For Joe Biden, supporting Ukraine was about defending the post-second-world-war order. It was a relatively cost-effective way for the US to degrade the capabilities of a key adversary with no risk to its own personnel. But Mr Trump is an isolationist who has a strikingly close relationship with the Russian president – and who, according to a former aide, made it very clear that he believed Ukraine “must be part of Russia”. Mr Trump said during his campaign that he could end the war “in a day” and blamed Mr Zelenskyy for the conflict.

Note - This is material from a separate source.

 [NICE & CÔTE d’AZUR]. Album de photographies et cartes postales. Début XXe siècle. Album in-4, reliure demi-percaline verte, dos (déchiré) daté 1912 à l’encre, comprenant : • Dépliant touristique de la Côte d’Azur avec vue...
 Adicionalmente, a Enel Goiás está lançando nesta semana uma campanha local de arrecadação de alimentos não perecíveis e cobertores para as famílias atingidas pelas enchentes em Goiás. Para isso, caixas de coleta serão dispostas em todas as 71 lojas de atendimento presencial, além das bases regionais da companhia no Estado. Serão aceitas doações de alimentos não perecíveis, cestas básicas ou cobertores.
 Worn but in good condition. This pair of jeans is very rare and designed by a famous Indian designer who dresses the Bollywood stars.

The last Trump administration was the first to send lethal aid to Ukraine. But it also froze military funding within hours of the notorious phone call where Mr Trump pressed Mr Zelenskyy to work with the US attorney general to investigate Mr Biden. (The funding was later unfrozen.) The pair’s history further complicates matters.

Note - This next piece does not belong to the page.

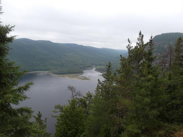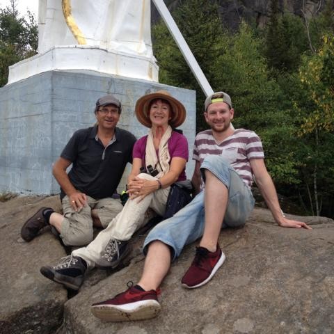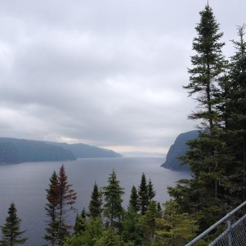 Geht auch, sind ja nur drei Nächte. Um neun Uhr machen wir uns auf in den Fjord-Saguenay-Nationalpark, etwa eine Stunde Fahrt von hier, auf einer gut ausgebauten Straße, rechts und links Wälder und Seen, die ersten Schilder, die vor Elchen warnen. In Rivière Eternité fahren wir von der Hauptstraße rechts ab, zücken unsere vorher georderten Nationalparkausweise, halten sie der Frau im Häuschen stolz entgegen – in diesem Jahr soll der Eintritt in die Nationalparks nämlich frei sein, weil Kanada 150 Jahre besteht – und: werden enttäuscht. Dieser Park gehöre “malheureusement” nicht zu den begünstigten. Wäre ja auch zu schön gewesen! Natürlich bezahlen wir brav und fahren vor bis zum Parkplatz. Eine Gruppe junger Leute begibt sich gerade mit ihrem Guide auf eine waghalsige Klettertour mit Überquerung einer schmalen Hängebrücke, 100 Meter Abgrund darunter. Wir haben die Bilder im Prospekt gesehen. Wir entscheiden uns für den leichteren Wanderweg zum Cap Trinité. Es geht gleich nach oben, über Steinstufen, Bretter, Holztreppen, immer aufwärts. Marcel ist schnell nicht mehr zu sehen. Dieter läuft auch oft außerhalb meiner Sichtweite, aber er wartet zum Glück an den Aussichtspunkten auf mich. Ich kann die Seele baumeln lassen, Frieden einatmen, Liebe ausatmen, wie Dieter Bednarz es in seinem jüngsten Buch “Schwer erleuchtet” so schön beschrieben hat. Die Bäume um mich herum und der Fjord dort unten strahlen eine erhabene Ruhe aus – Kanada Teil zwei hat begonnen. Nach etwa zwei Stunden, so gegen halb eins, haben wir das Ziel dieses Weges erreicht: die weiße Statue mit goldener Dornenkrone auf dem Kopf, Notre-Dame de Saguenay, die 1881 ein gewisser Charles-Napoléon Robitaille errichten ließ, nachdem er hier vor dem Ertrinken gerettet worden war.

Mr Trump loves to be lauded as a dealmaker and a strongman. He will not want people to believe he was steamrollered by Mr Putin. Last year he said that he would tell the Russian president: “If you don’t make a deal, we’re going to give them a lot … More than they ever got.” And Russia is losing troops at a staggeringly rapid rate, even with a boost from North Korea.

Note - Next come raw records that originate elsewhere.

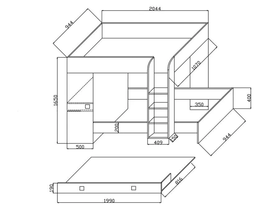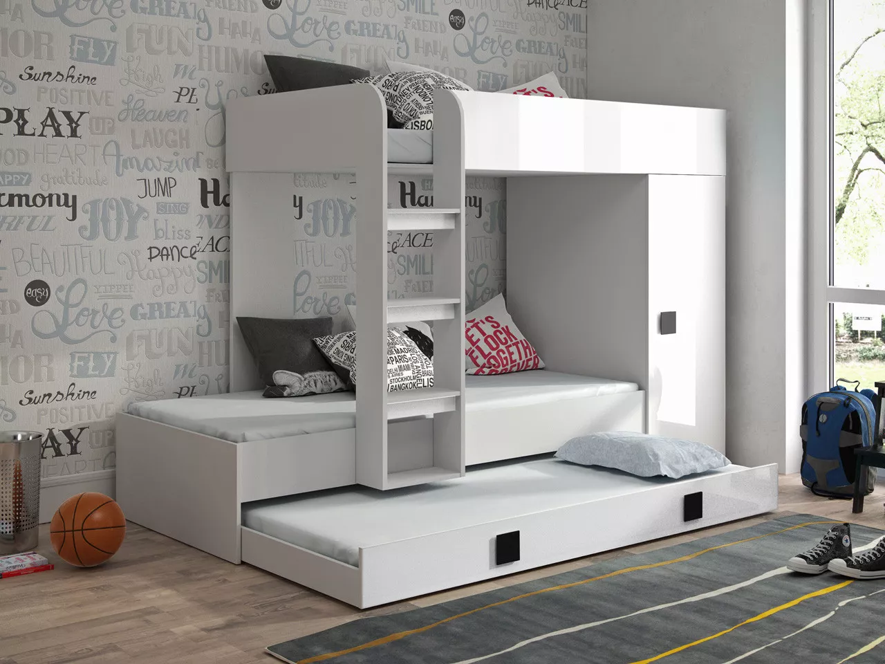 Dětská patrová postel může být vhodným řešením pro menší dětský pokoj. V horní části se nachází postel o ložné ploše 90 x 200 cm. V dolní části druhá postel o ložné ploše 85 x 200 cm. Pod ní třetí vysouvací postel také o rozměru 85 x 200 cm. Postele jsou včetně roštu, bez matrací.
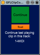 Move this tool in a midi-track, play a clip in this track, stop it in any way. By clicking the "Continue"-button the clip will resume from the position it stoped. You can control the button by midi or key too.
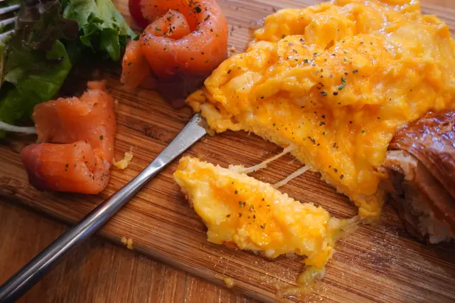 雙倍芝士味噌炒蛋沒有夾在牛角包內,這樣看炒蛋份量都幾多的喔

But the fiasco of Mr Trump’s dealings with Kim Jong-un demonstrates the gap between his aspirations and abilities. He has minimal patience or interest in detail. He is said to be highly susceptible to the last person to drop a word in his ear and does not want to be managed by the military establishment again. JD Vance, his vice-president-elect, has offered a prescription for peace strikingly similar to Mr Putin’s: Russia can keep what it has occupied and Ukraine stays out of Nato. In any case, Nato membership looks a lot less reassuring when Mr Trump has suggested that he would encourage Russia to do “whatever the hell they want” to members who he felt paid too little.
US military support is similar to that from all other donors combined. Though most of the vast sums from the Biden administration have been spent in US arms factories, even sales to Ukraine are not guaranteed in future. Despite attempts to “Trump-proof” the conflict, the collapse of Germany’s government, and the emboldening of the far right by Mr Trump’s electoral triumph, will further complicate European efforts to support Kyiv. All of this is likely to exacerbate questions among exhausted Ukrainians about the feasibility of a purely military solution and increase the appetite of some for, or at least toleration of, a negotiated end to hostilities.
The Biden administration is reportedly attempting to expedite as much as $9bn worth of military aid, agreed but not yet transferred. This is far from straightforward, not least because weaponry and ammunition are still being produced and because the next president could stop agreed shipments. But it is essential.
Ukraine’s situation, already so perilous, has grown vastly more so this week. The accelerated delivery of promised aid, allowing it to maximise its position before Mr Trump takes office, is now its best hope.